* TASK INSTRUCTIONS:
Retype exactly the lines from the one that contains "Dot plots of" through the end of the listing, both included, but not the pictures.
DATA EXTRACTS START
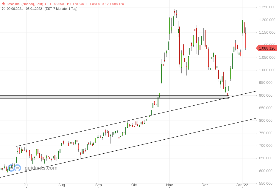 Marktteilnehmer waren erschrocken darüber. Bisher dominierte die Ansicht, mit der Corona-Variante Omikron verschiebt sich die Zinsanhebung etwas nach hinten und vor allem Technologieunternehmen haben weiterhin Spielraum bei der Fremdfinanzierung. Doch genau dort wurden gestern die mehrheitlichen Verkäufe am Abend durchgeführt. Eine Alphabet sank um 4 Prozent und auch eine Tesla kam wieder deutlich unter die "Räder":
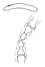 Рис 1.3. Кости 2-го пальца и 2-я пястная кость Массаж. Дистальную бугристость массируем двойным перекатом Стрелой аналогичным пальцем массажиста. При хорошо выполненном приеме бугристость чувствуется как массажистом, так и клиентом: обоим кажется, что как в массирующем, так и в массируемом пальце скрыто по шестеренке, и первая катится по второй (рис. 1.4). Рис 1.4. Массаж дистальной бугристости пальца Двойным перекатом Стрелой (внизу - палец клиента, сверху - массажиста) Тыльную сторону тела фаланги массируем двойным перекатом поперек тела.
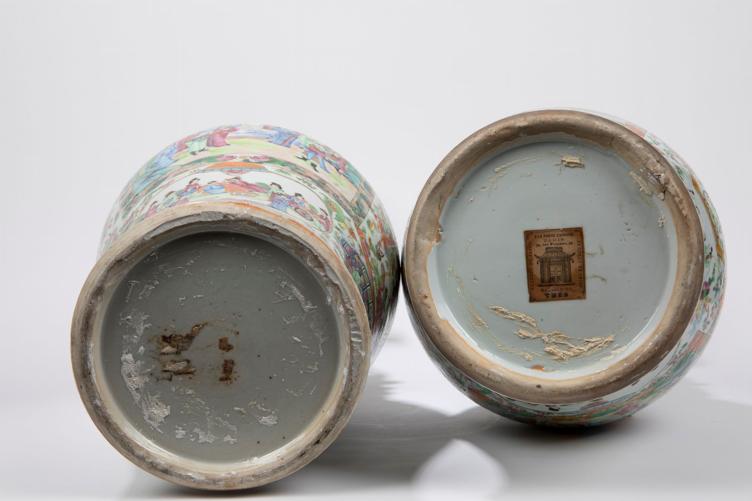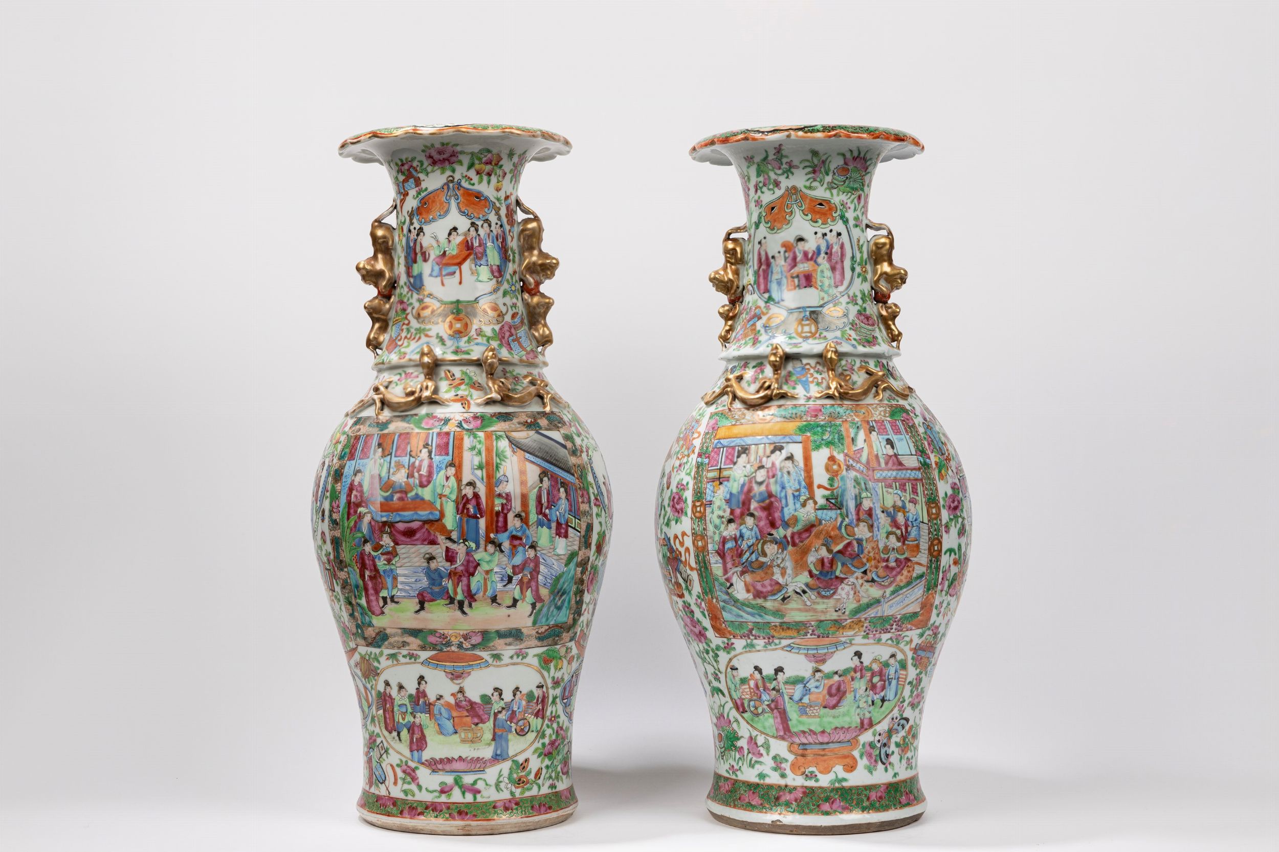 h cm 60 Cina, dinastia Qing, XIX secolo Di forma a colonna di balaustra con bordo svasato e anse a forma di leone, sono ben dipinti sul corpo e sul collo con riserve con all'interno dei personaggi, mentre il resto del corpo è decorato col classico motivo floreale cantonese rose medallion.
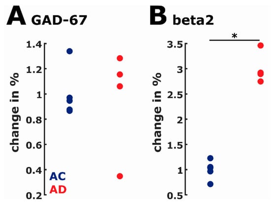 Dot plots of the relative change in protein expression normalized to beta-actin expression. (A) GAD-67 expression was not different between the groups indicating no significant change (AUC: 0.60, 95% CI: 0.2 to 1) in the amount of GABA produced; note that the highest value in the AC group and the lowest value in the AD group could be considered outliers as evaluated by the Grubbs’s test. (B) GABAAR β2 expression was significantly (AUC = 1) higher in the AD group. This indicates an increased number of GABAAR in the AD group. * indicates significance
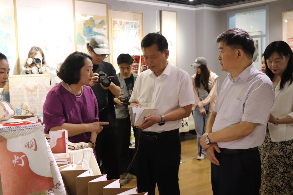 开幕式后,与会领导参观了油画、国画、版画、环艺建筑模型、视觉传达产品与动画短片及周边文创等多个作品展区,与同学们亲切交流互动,认真听取同学们的创作理念和心路历程,并参与体验非物质文化遗产漆扇制作过程,感受传统文化魅力。
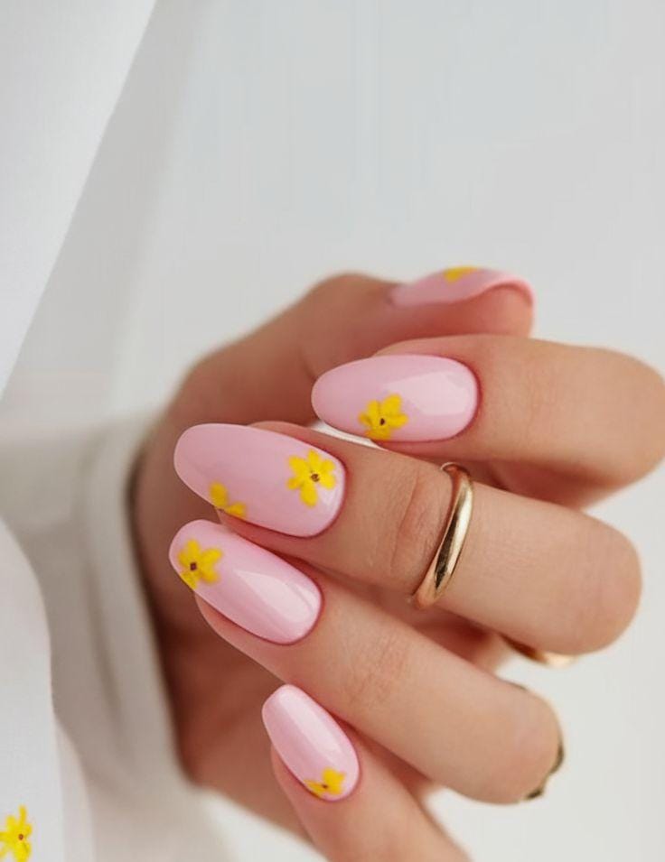 Classic pink and yellow shades get a spring upgrade with tiny floral details and bold accent nails. The overall vibe is sweet, polished, and cheerful without feeling overdone.
DATA EXTRACTS END
* SOLUTION TO THIS TASK:
 Dot plots of the relative change in protein expression normalized to beta-actin expression. (A) GAD-67 expression was not different between the groups indicating no significant change (AUC: 0.60, 95% CI: 0.2 to 1) in the amount of GABA produced; note that the highest value in the AC group and the lowest value in the AD group could be considered outliers as evaluated by the Grubbs’s test. (B) GABAAR β2 expression was significantly (AUC = 1) higher in the AD group. This indicates an increased number of GABAAR in the AD group. * indicates significance
 开幕式后,与会领导参观了油画、国画、版画、环艺建筑模型、视觉传达产品与动画短片及周边文创等多个作品展区,与同学们亲切交流互动,认真听取同学们的创作理念和心路历程,并参与体验非物质文化遗产漆扇制作过程,感受传统文化魅力。
 Classic pink and yellow shades get a spring upgrade with tiny floral details and bold accent nails. The overall vibe is sweet, polished, and cheerful without feeling overdone.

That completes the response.